A very good Q has been asked
I think that if an activity is safe for for the pwp and others, if the pwp enjoys it,needs to do it, is able to do it, wants to continue with it, is legally allowed to do so then it is possible.
I have heard/read of pwp jumping out of parachutes, treking across deserts,raising £ for charity, running local groups, bringing up children, acing as carers
Can we work? I would suggest not if a brain surgeon or a tightrope-walker. But pwp can & do. Work doesn't have to mean 9-5 employment outside the home. It could mean being a valuable support & source of information for other pwp,be it on-line or the end of a telephone.
Can we drive - if we are considered fit o do so & want to do so?
Can we sit for 3+ hours to enjoy something we previously enjoyed?
Do we feel able to make social arrangements?
Can we go on holiday?
Can we fly( with the assistance of an aeroplane!)
My list is endless.
There are countless other conditions that may limit or require adaptation to the pursuit of activities. Except for one, and having no experience of it I will end here
I sincerely hope they jumped with parachutes! sorry
I have a feeling that my post was as clear as mud!
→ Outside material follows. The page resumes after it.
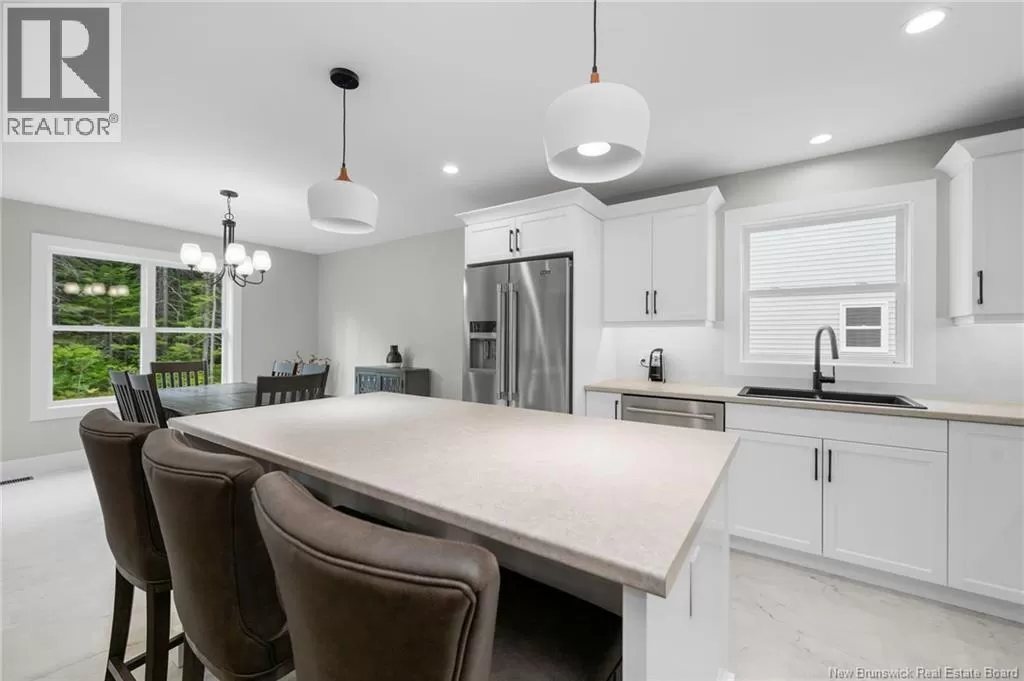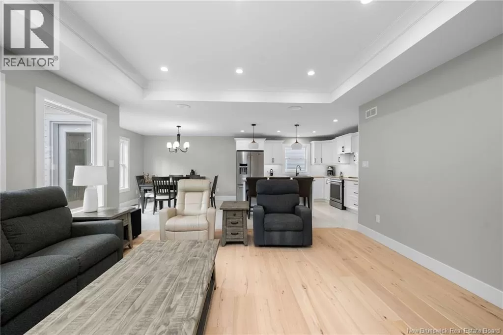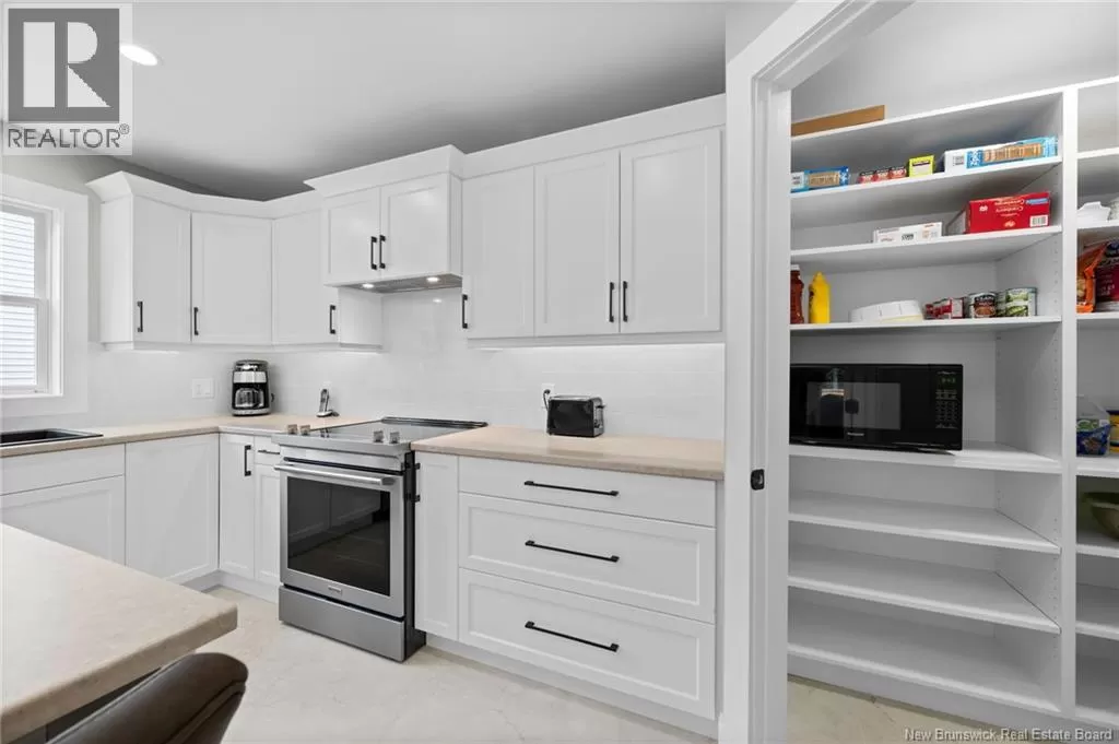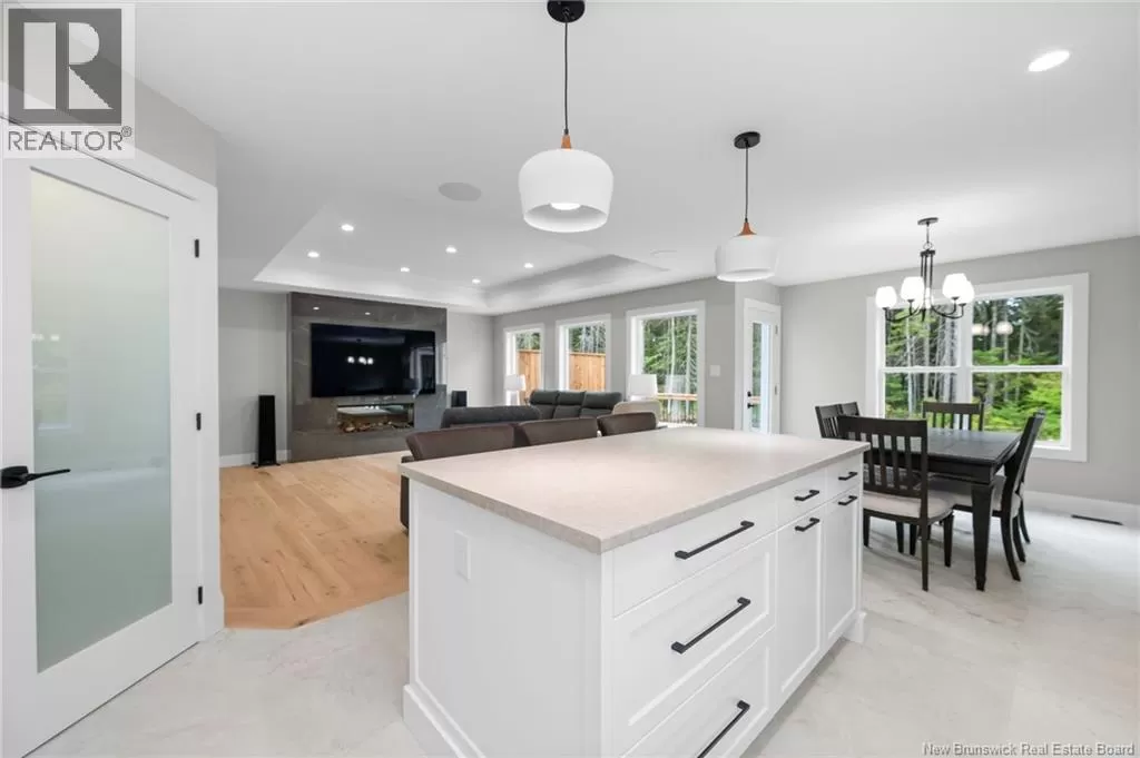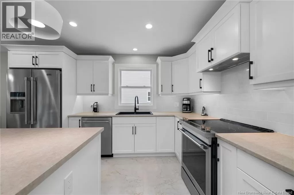 From Amirault, turn onto Carter Street. *Click on link for 3D virtual tour of this property* Welcome to 32 Carter in Dieppe, a spacious, climate-controlled bungalow offering comfort, style & convenience. From the moment you step inside, large windows fill the foyer & open-concept living area with natural light. The kitchen is both functional & elegant, featuring ample white cabinetry, a centre island, sleek ceramic backsplash & a generous pantry for all your storage needs. Flowing seamlessly into the dining area & living room, the space is anchored by a cozy fireplace with a modern accent wall. The main level offers 3 bedrooms, including a primary suite complete with walk-in closet & 3-piece ensuite bath. A 4-piece family bath & main floor laundry add to the homes practicality. The lower level remains unfinished, ready to be customized to suit your lifestyle. Outdoors, enjoy a large patio overlooking the private backyard ideal for relaxing or entertaining. Additional features include a ducted heat pump for efficient year round comfort, a double car garage & peace of mind with new home warranty coverage. Dont miss this opportunity, book your private showing today! HST Rebate to seller. (id:27476)

It stemmed from reading the recent post of a members driving licence being revoked. So he got himself an electric bike
I have read of people who have difficulty with shoe-laces, so they buy shoes with velcro fastenings
People who find it difficult to type, so they use a voice activated system
People who cannot sit for hours watching a film/play/opera, so they get the DVD
People who find it difficult to have direct social contact, so they use this forum
People who are finding it difficult at work, so they explore with their employer ways to make it easier
People who are not finding their current medication helpful, so the explore with their neuro other meds
A person who jumped out of an aeoplane with a parachute & an army person with him
That's what I meant - things can be possible with pd, just might need some adapting.
AB you are so right. If you want it enough then you can usually find ways round most problems. Of course we sometimes need to adapt the things around us and ourselves as we progress with PD but then we would have done as we got older anyway. I try to keep my life as near to 'normal' as I can although this does upset/annoy those around me who think that they are helping me when I'm somewhat slower than usual in getting things done. I know that I'm being unreasonable and less than thankful but I need to keep control whilst I can. I think I'm wandering from the point, sorry perhaps this is not the thread to have a rant.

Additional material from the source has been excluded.